On the planet of digital forensics, cellular phone investigations are growing exponentially. The volume of mobile devices investigated every year has grown nearly tenfold over the past decade. Courtrooms are relying more and more in the information in the cellphone as vital evidence in cases of all. Despite that, the practice of cell phone forensics remains to be within its relative infancy. Many digital investigators are a novice to the area and are searching for a “Phone Forensics for Dummies.” Unfortunately, that book isn’t available yet, so investigators need to look elsewhere for information on how to best tackle cellular phone analysis. This article should by no means serve as an academic guide. However, you can use it as being a 1st step to acquire understanding in your community.
First, it’s essential to know the way we have got to where our company is today. In 2005, there was two billion cellular phones worldwide. Today, there are actually over 5 billion and that number is predicted to cultivate nearly another billion by 2012. Because of this nearly every people on this planet carries a cellular phone. These phones are not only a method to make and receive calls, but a resource to keep information in one’s life. When a cellphone is obtained within a criminal investigation, an investigator will be able to tell a significant amount regarding the owner. In many ways, the info found within a phone is more important than a fingerprint for the reason that it gives much more than identification. Using forensic software, digital investigators can view the call list, texts, pictures, videos, and a lot more all to serve as evidence either convicting or vindicating the suspect.
Lee Reiber, lead instructor and owner of cell phone forensics atlanta ., breaks the investigation into three parts-seizure, isolation, and documentation. The seizure component primarily involves the legal ramifications. “If you do not have a legal right to examine the unit or its contents then you may very well supply evidence suppressed no matter how hard you may have worked,” says Reiber. The isolation component is the most important “because the cellular phone’s data can be changed, altered, and deleted within the air (OTA). Not merely is the carrier capable of doing this, although the user can employ applications to remotely ‘wipe’ the data from your device.” The documentation process involves photographing the device during the time of seizure. Reiber says the photos should show time settings, state of device, and characteristics.
Following the phone is delivered to a digital forensics investigator, the device should be examined with a professional tool. Investigating phones manually can be a last resort. Manual investigation should basically be used if no tool on the market will be able to secure the device. Modern cell phones are exactly like miniature computers that need a sophisticated applications for comprehensive analysis.
When examining a cellphone, it is important to protect it from remote access and network signals. As cell phone jammers are illegal in the usa and most of Europe, Reiber recommends “using a metallic mesh to wrap the device securely and then placing the device into standby mode or airplane mode for transportation, photographing, and after that placing the telephone in a condition to become examined.”
Steve Bunting, Senior Forensic Consultant at Forward Discovery, lays out of the process flow the following.
Achieve and sustain network isolation (Faraday bag, RF-shielded box, and/or RF-shielded room).
Thoroughly document the unit, noting all information available. Use photography to back up this documentation.

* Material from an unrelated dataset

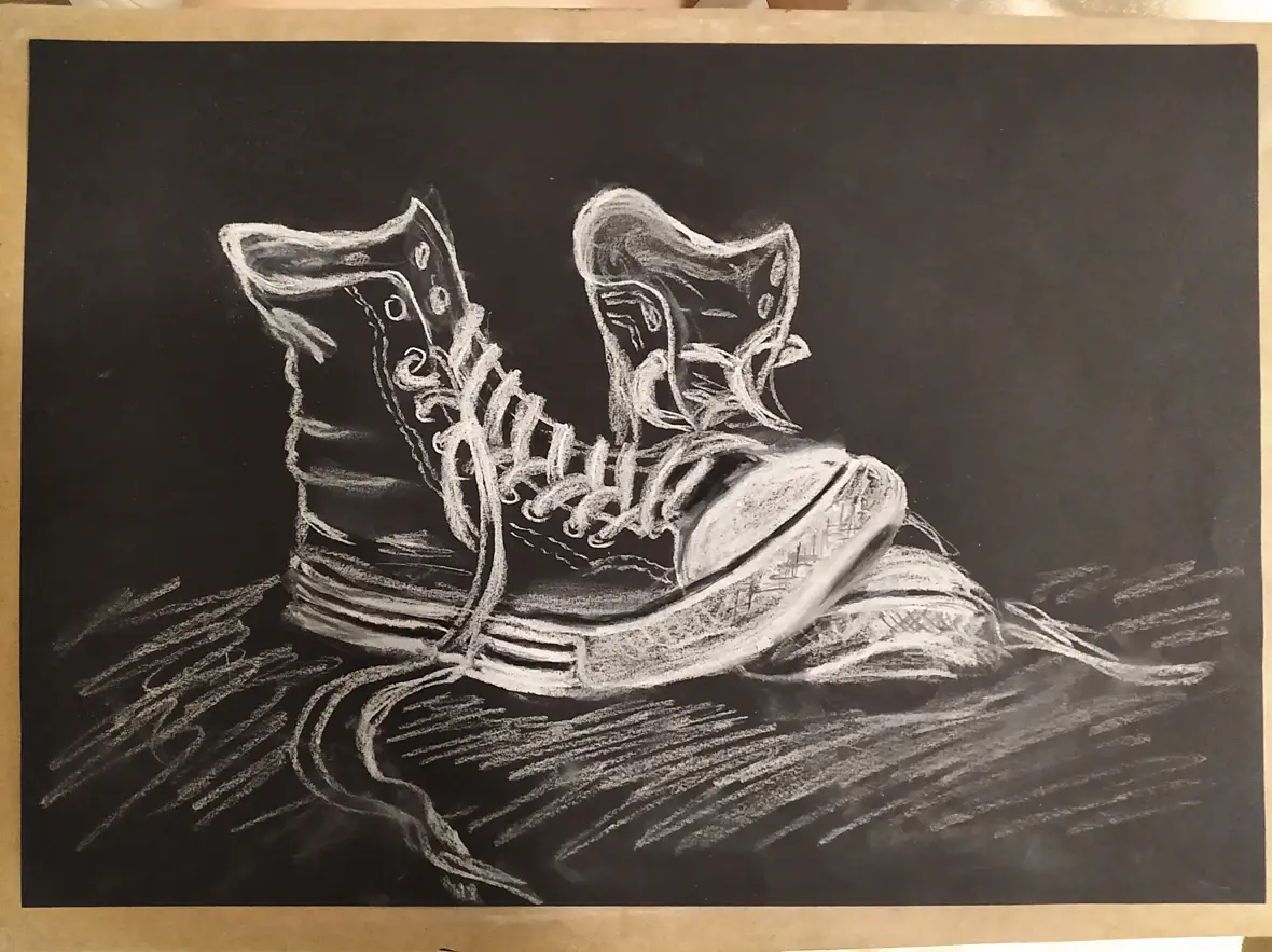 В чатике рисующих опубликовали одно из заданий, но белым на черном. Как тут устоишь. Мало того, что подуху нарисовала, так ещё и уже самостоятельно порисовала кеды. Пар пять или шесть вышло, не могла поймать пластику носа кеда. Но пришел муж и своим программистским оком осмотрел, ткнул пальцем где исправить и у меня получилось! :D
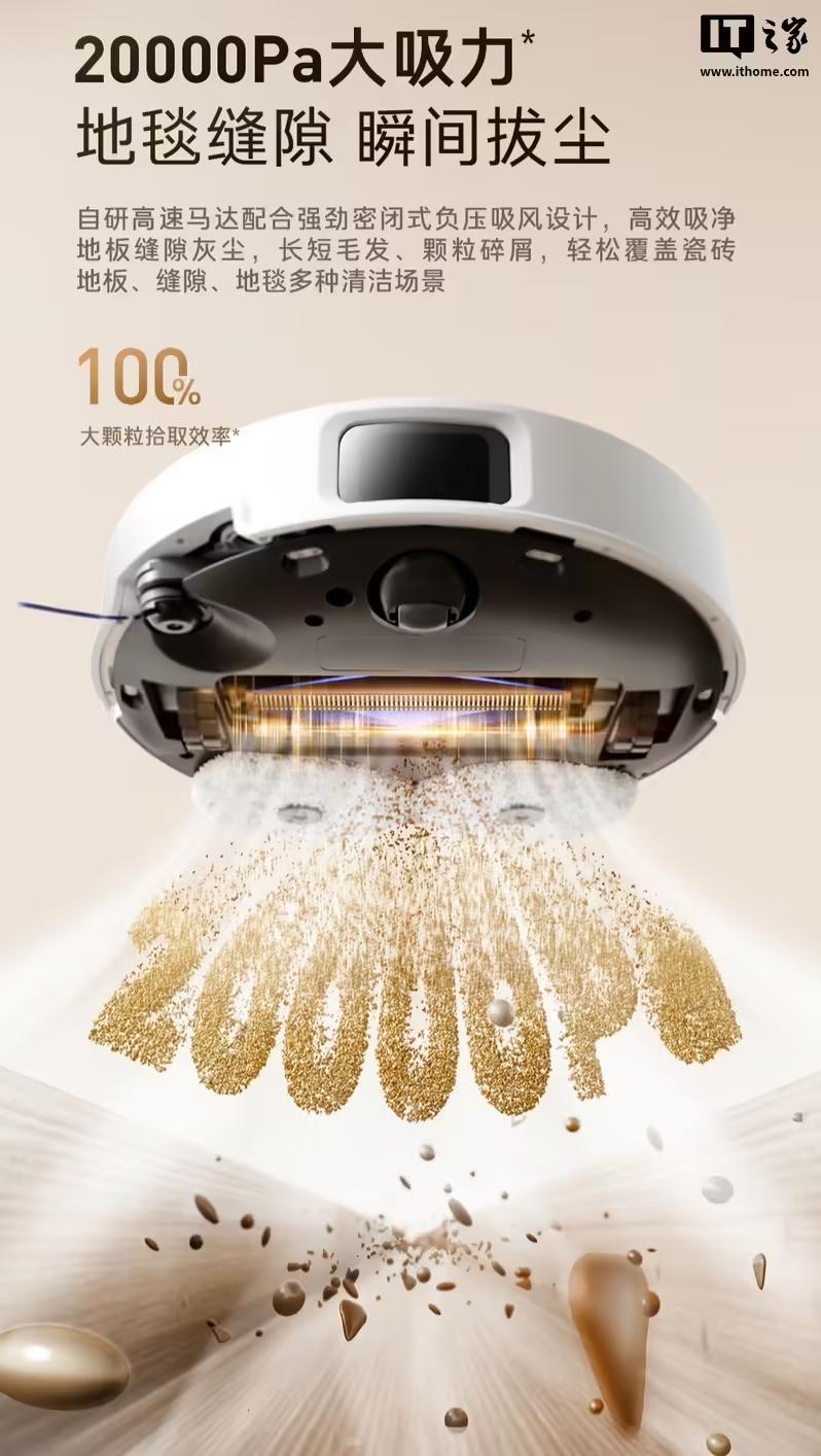 该扫地机提供 20000Pa 吸力,号称可实现 100% 大颗粒物拾取率,配备毛发 0 缠系统,可在清洁过程中实时切割毛发,同时配有 V 力仿生拖布、交叉除污技术及 40-75℃动态热水循环系统以清除厨房油渍、脚印等顽固污垢。

When a SIM card is in place, remove, read, and image the SIM card.
Clone the SIM card.
With the cloned SIM card installed, execute a logical extraction of the cell device with a tool. If analyzing a non-SIM device, start here.
Examine the extracted data through the logical examination.
If backed up by both model as well as the tool, conduct a physical extraction from the cell device.
View parsed data from physical extraction, that will vary greatly according to the make/type of the cellphone along with the tool being utilized.
Carve raw image for various file types or strings of web data.
Report your findings.
There are two things an investigator can perform to achieve credibility within the courtroom. One is cross-validation of the tools used. It is vastly crucial that investigators usually do not rely on merely one tool when investigating a cell phone. Both Reiber and Bunting adamantly recommend using multiple tools for cross-validation purposes. “By crosschecking data between tools, one might validate one tool using the other,” says Bunting. The process adds significant credibility towards the evidence.
The second method to add credibility is to be certain the investigator includes a solid idea of evidence and how it had been gathered. Most of the investigations tools are user friendly and require only a couple clicks to generate a detailed report. Reiber warns against becoming a “point and click” investigator seeing that the tools are really easy to use. If the investigator takes the stand and struggles to speak intelligently concerning the technology accustomed to gather the evidence, his credibility are usually in question. Steve Bunting puts it this way, “The more knowledge one has from the tool’s function along with the data 68dexmpky and function present in virtually any cell device, the better credibility you will have as a witness.”
For those who have zero experience and suddenly find yourself called upon to handle phone examinations for your personal organization, don’t panic. I speak with individuals on the weekly basis in a similar situation trying to find direction. My advice is usually exactly the same; join a training course, become certified, seek the counsel of veterans, embark on online digital forensics communities and forums, and speak with representatives of software companies making investigation tools. By taking these steps, it is possible to move from novice to expert in the short length of time.